ARM assembly - access parameter vs return value? - c++

I have a function prototype int Palindrome(const char *c_style_string);
In ARM v8 assembly, I believe that the parameter is stored in register w0. However, isn't this also the register that ret outputs the value of?
If so, what do I need to do so that values do not get overwritten? I was thinking something like mov w0, w1 at the beginning of my code so that I refer to c_style_string as w1 whenever I parse through it, and then edit w0 to store an int...would this be right?
Thank you!

You may want to write your assembly code in compliance with the ABI for ARM 64-bit Architecture.
In the example above, you could keep the address for c_style_string in a 'Callee-saved' register (X19-X29)', and copy it to x0/w0 every time you are calling a Palindrome() - I am assuming here Palindrome() is a C function, and is therefore itself compliant with the ARCH 64-bit ABI.
A desirable side-effect would be that your C code could call always your assembly code, and vice-versa.

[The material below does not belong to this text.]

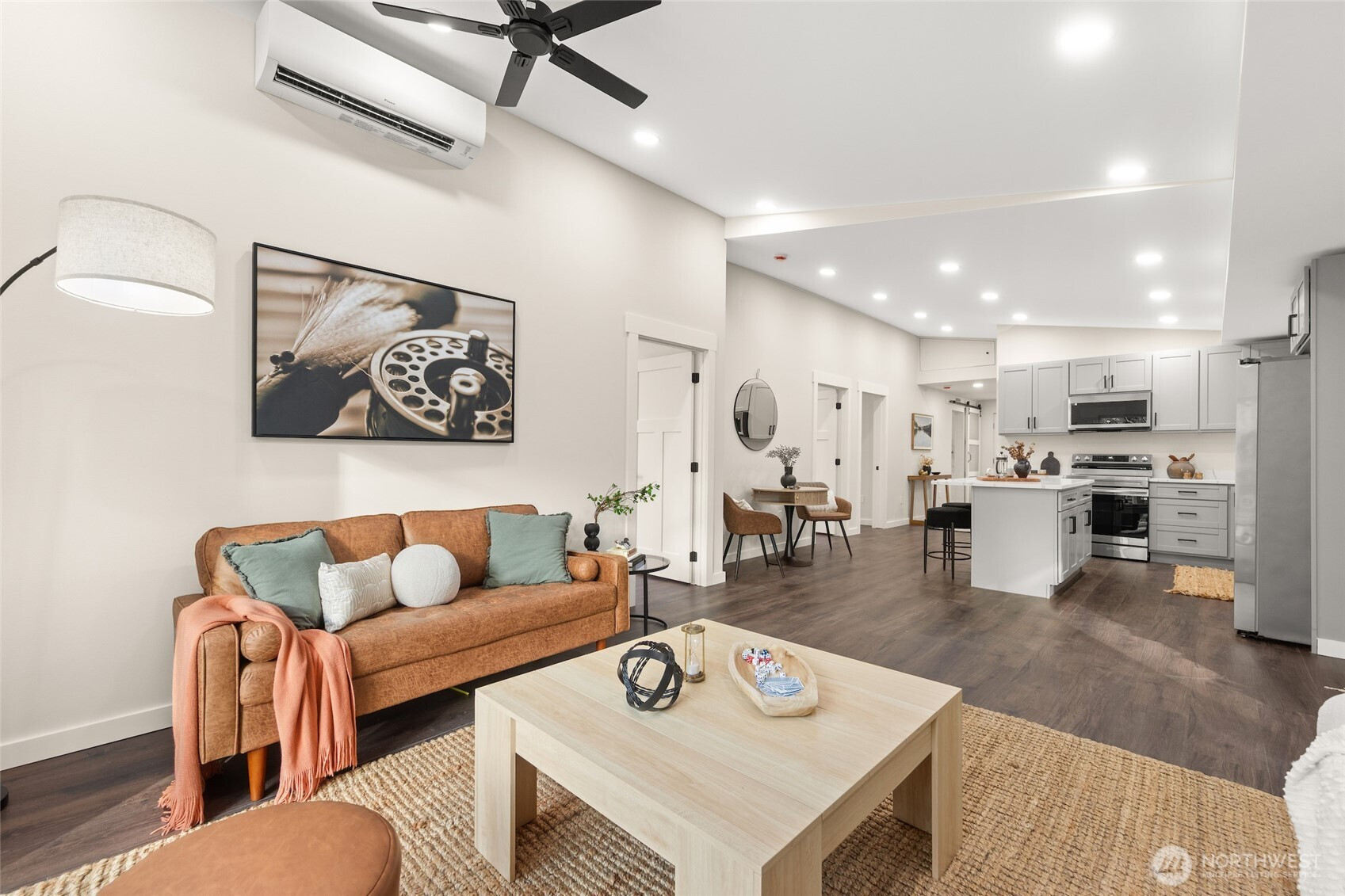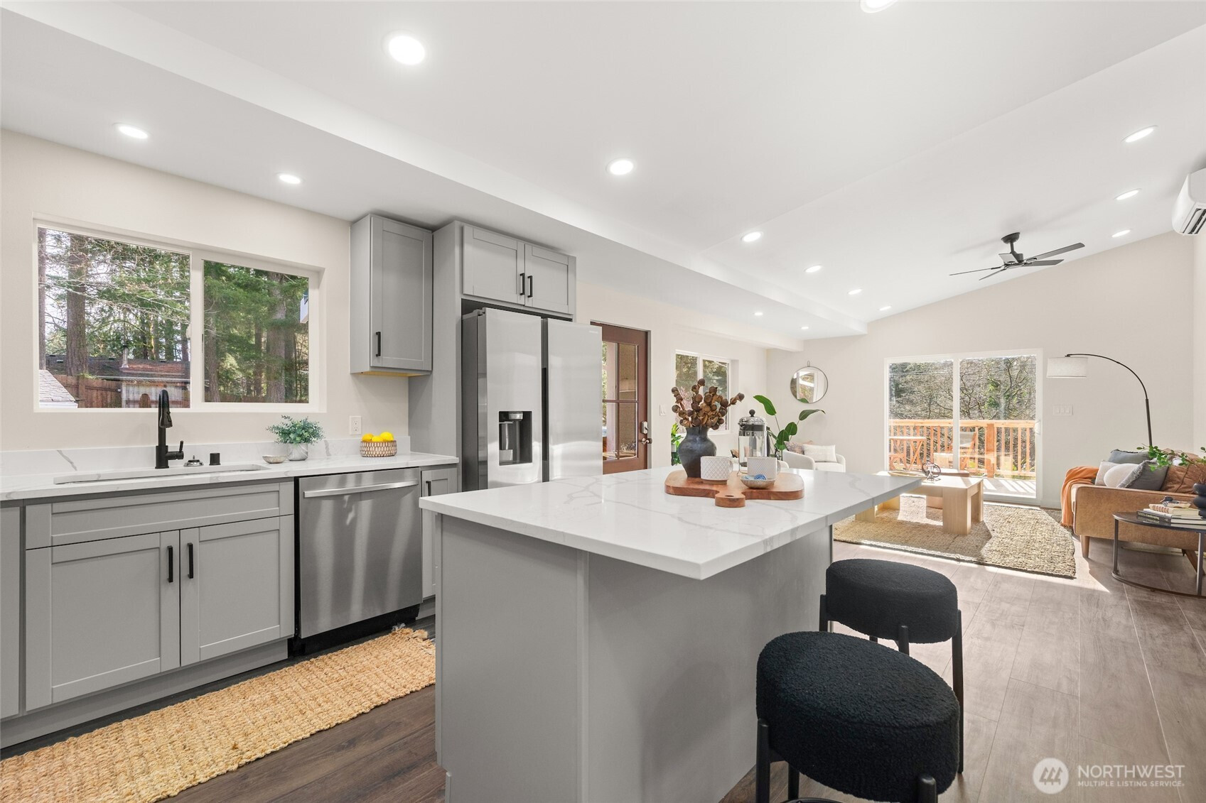 Total WOW factor! Beautifully remodeled 4-bedroom home set on nearly 2 level acres, offering the perfect blend of modern comfort & peaceful country living. This home has been thoughtfully updated with high-end finishes, a contemporary, cohesive design, and brand new appliances throughout, creating a truly move-in-ready experience. The open floor plan feels efficient & bright, allowing natural light to flow freely from one area to the other. The modern kitchen is anchored by a stunning peninsula that defines the space without closing it off, while doubling as prep space and dining. The living room is arranged for comfort without excess. The vaulted ceiling instantly adds a sense of openness, making the space feel larger & more inviting. Sliders provide natural light as well as access to the front deck, perfect for outdoor entertaining! The spacious primary bedroom has enough room to support both comfort & future flexibility of adding a 1/2 or 3/4 bath. Each bedroom has its own mini-split to provide regulated heating & cooling. The spa-inspired bath feels luxurious & boasts a generous walk-in shower with stunning ceramic tiles running floor to ceiling for a seamless look. The free-standing tub becomes the room's focal point, more like a piece of art than a fixture! Outside, enjoy ample parking, finished outbuilding w/electric & heat, RV pad complete w/hookups & separate electric. Plenty of room for gardens or future expansion. A turn-key home that has it all, and so much more!

IMHO, your best solution is to write the C function, or minimal function, then tell the compiler to output the assembly language. This will show the calling interface for functions.
You could also look up the register passing convention in your compiler's documentation.
If you want to preserve register values, you should use the PUSH instruction (or it's equivalent, depending on ARM mode or Thumb mode). Also remember to POP the registers before the end of the function.

Related

MSVC: Reading a specific 64 or 32 bit register (e.g. R10) in 64 bit code?

Is there any way with MSVC to read a specific 64 (or 32) bit register directly in a normal C++ function?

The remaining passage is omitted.